Depuis le début des contestations, nous n’avons jamais interdit de rassemblement. Cela étant, les événements de samedi dernier doivent nous conduire à faire preuve de la plus grande prudence et de la plus grande détermination. C’est pourquoi le ministre de l’intérieur a invité celles et ceux qui envisageaient de se rendre à Paris samedi prochain pour manifester à ne pas le faire.

Il s’agit non pas de leur interdire de s’exprimer, mais d’éviter qu’ils ne tombent dans le piège que leur tendent les casseurs.

Pour y faire face, le Gouvernement va mobiliser des moyens exceptionnels, qui s’ajouteront aux 65 000 forces de sécurités déployées dans toute la France. Nous continuerons à interpeller et à traduire en justice toute personne prise en flagrant délit de violences ou de dégradations. Nous continuerons à faire preuve de la plus grande fermeté.

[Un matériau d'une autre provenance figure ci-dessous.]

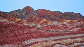这张照片展示了甘肃张掖七彩丹霞一片色彩斑斓的山脉景观。山体呈现出红、黄、白等多种颜色,层次分明,仿佛大自然的调色板。这些彩色条纹是由于地质作用形成的沉积岩层,在光线照射下显得格外绚丽。
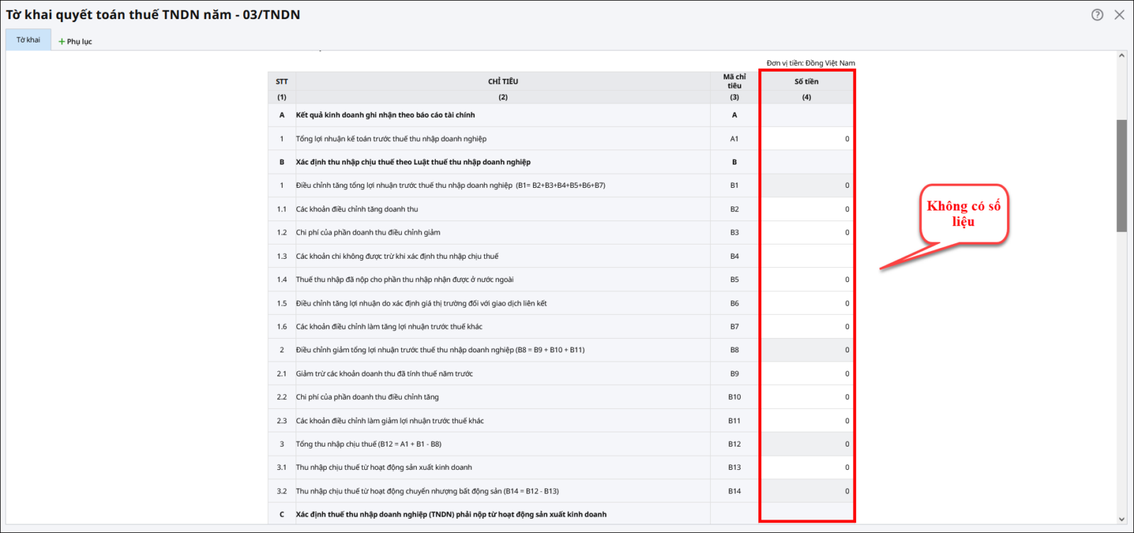 Trường hợp 1: Tờ khai quyết toán thuế TNDN năm không lên số liệu trên tất cả các chỉ tiêu
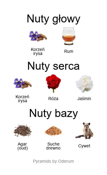 - Nuty głowy: Korzeń irysa, rum, oud
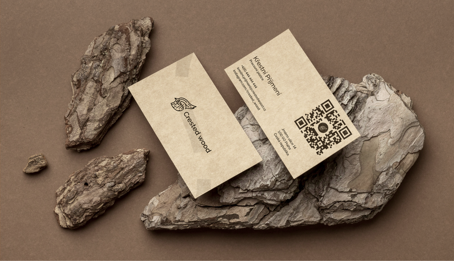 Klientem byl truhlář s příjmením Chocholouš, což rovnou inspirovalo název i vizuální směr značky. Navrhl jsem logo ve tvaru stylizované ptačí hlavy – „dřevěného“ chocholouše – které odkazuje na ruční práci, masivní materiály a detail řemesla. Vizuální identitu doplňuje zemitá barevná paleta a organický motiv praskliny ve dřevě. Značka působí profesionálně, ale zůstává autentická a osobní. Přesně jako její zakladatel.
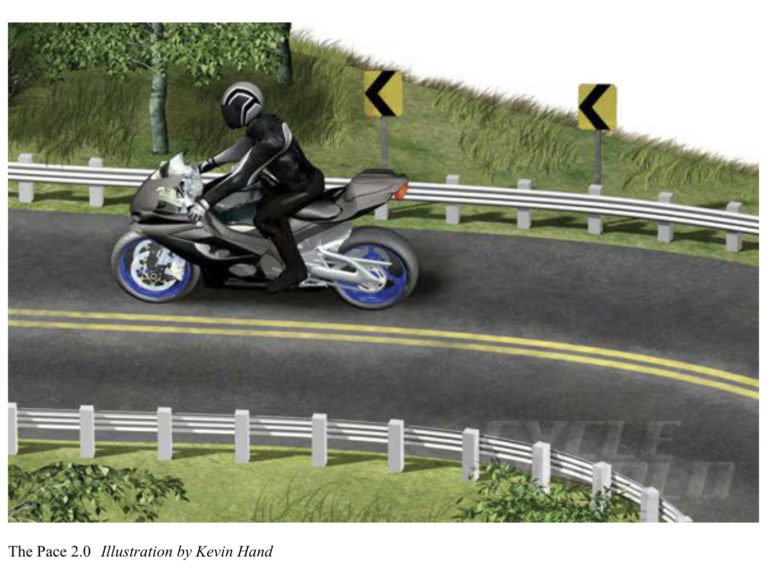The Pace 2.0 needs you to understand the formula Radius = mph (and mph = Radius), and not just in theory. You need to feel it. Find an empty parking lot and ride in a circle at a given lean angle, one that you’re comfortable with. Pick this lean angle, and then gently accelerate while doing your best to hold that very same lean angle. Then do it again and gently decelerate, again holding the same lean angle. Increase your speed and your radius increases, slow your speed and your radius decreases. Steady throttle holds it. After this exercise, you’ll realize how insane it is that some new riders are being taught to increase throttle and push on the inside handlebar if they enter a corner too fast.

Nous nous battrons contre la haine, qui s’exprime dans une incroyable violence.

Mesdames, messieurs les sénateurs, dans la situation à laquelle nous faisons face, le devoir de lucidité et de responsabilité s’impose à tous : aux membres du Gouvernement, aux élus nationaux et locaux, aux responsables des formations politiques, aux commentateurs, aux éditorialistes, aux citoyens, à tous. Il s’impose à tous, parce que la liberté va toujours de pair avec la responsabilité.

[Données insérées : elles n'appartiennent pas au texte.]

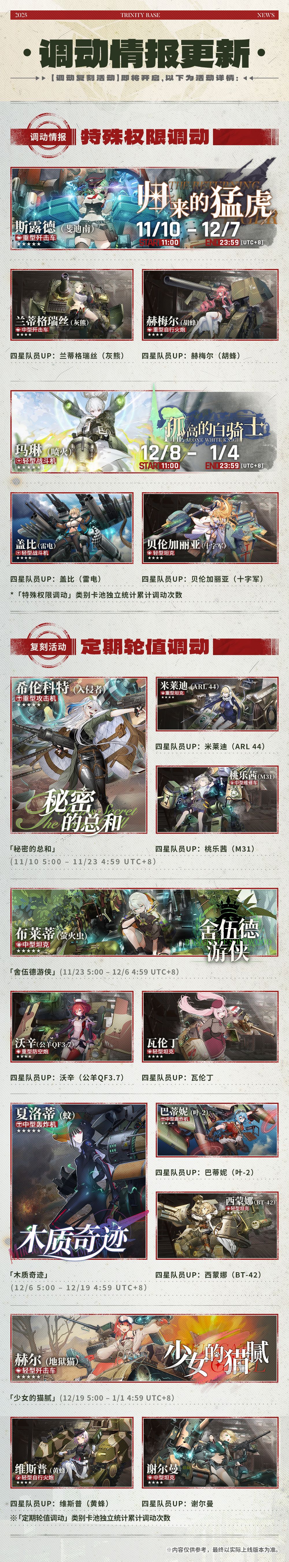 尊敬的司令官,【调动复刻活动】即将开启,以下为活动详情:
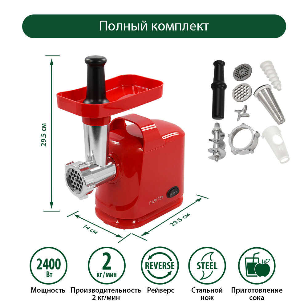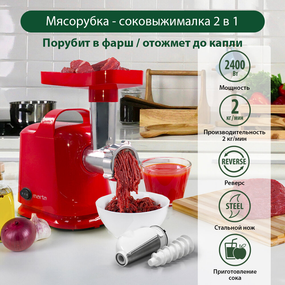Мясорубка MARTA MT-MG2016A красный коралл интересное:
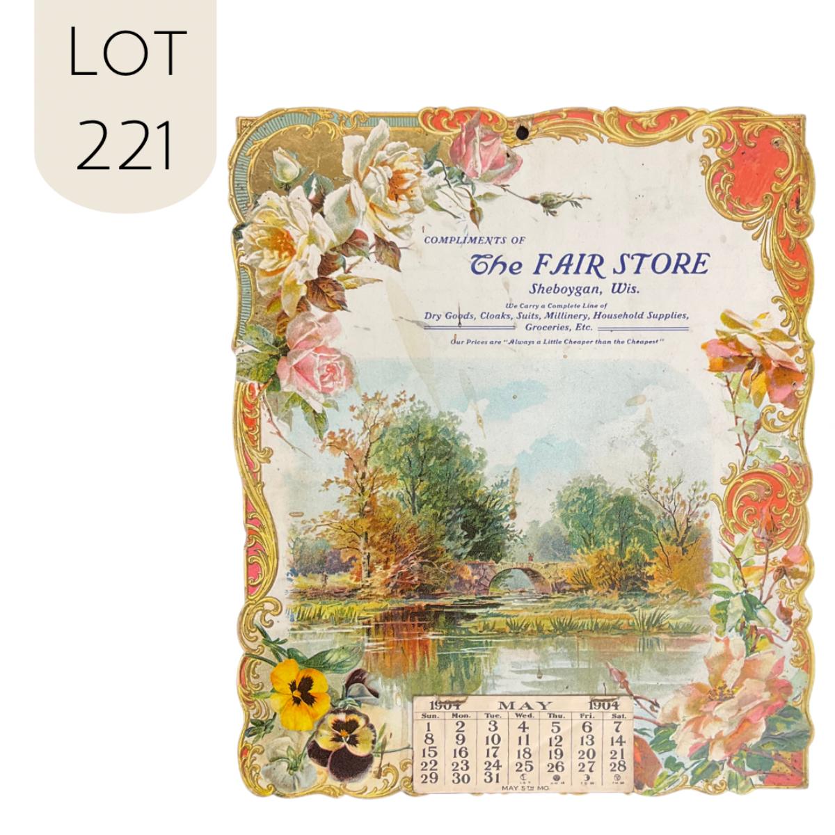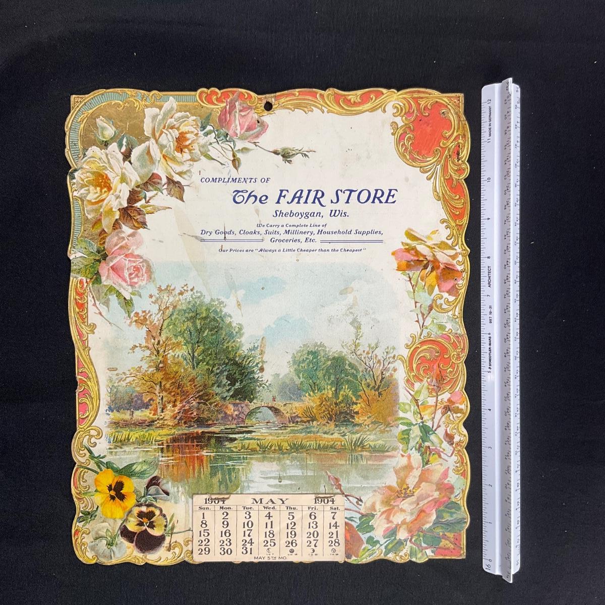 This calendar was compliments of The Fair Store of Sheboygan Wisconsin. The calendar features a Bridge Landscape with a rose and pansy border. Their prices were always "a little cheaper than the cheapest". This calendar is incomplete, showing May 1904. The calendar measures 10 1/2" x 12 1/2". **|** Please see photos for details and condition. ::: Shipping is available on this lot. If you require shipping you must let us know at the close of the auction. We will coordinate with you after the item has been won. Shipping fees will include insurance up to or exceeding the value of all items being mailed. If you have any questions regarding this lot please contact the auctioneer either via this website, by direct email or by phone. PICK UP TIMES and other important information can be found in the TERMS and DESCRIPTION of the auction. Please take a look for pertinent information. Thanks!
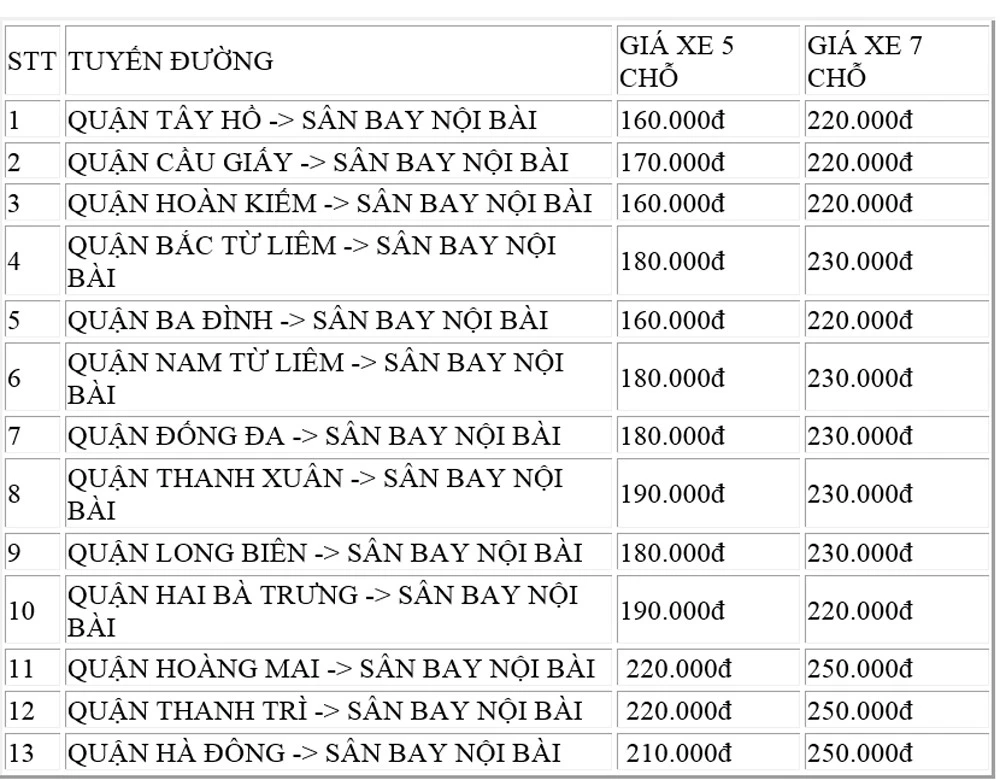 BẢNG GIÁ TAXI TỪ HÀ NỘI LÊN SÂN BAY NỘI BÀI
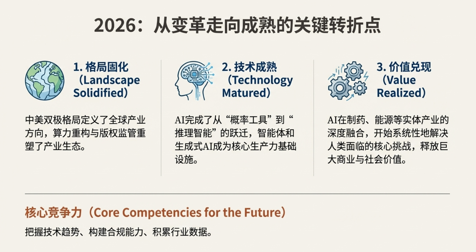 2025年的硝烟尚未散去,全球AI领域已站在一个决定性的分水岭之上。若将过去几年比作大模型的“军备竞赛”,那么2026年,全球将进入 “实战部署与生态锁定期” 。技术突破不再以单纯的参数量级或演示惊艳度来衡量,其价值将直接体现为对生产效率、商业模式乃至国家竞争力的重塑强度。作为资深战略与投资观察者,我们基于对产业信号、资本流向与技术演进路径的深度研判,提出以下面向2026年的十大核心猜想。这不仅是趋势预测,更是一份理解未来三年AI世界权力结构变迁的战略地图。

Je voudrais profiter de cette tribune pour saluer tous ceux qui ont lancé ou relayé cet appel au calme : les organisations syndicales, les associations, des élus nationaux, quelles que soient les formations politiques dont ils sont membres et quelle que soit leur position face au Gouvernement. Ils ont dit que leur responsabilité était d’appeler au calme et à ne pas manifester samedi. Cette responsabilité les honore, et je voudrais dire combien elle les grandit.

En France, dans cet hémicycle, comme dans toutes les rues, c’est la République qui doit avoir, toujours, le dernier mot ; elle est notre chose commune. Puisque nous l’aimons, nous devons la préserver ! (Applaudissements sur les travées du groupe La République En Marche, du groupe Les Indépendants – République et Territoires, du groupe du Rassemblement Démocratique et Social Européen, ainsi que sur des travées du groupe Union Centriste, du groupe Les Républicains et du groupe socialiste et républicain.)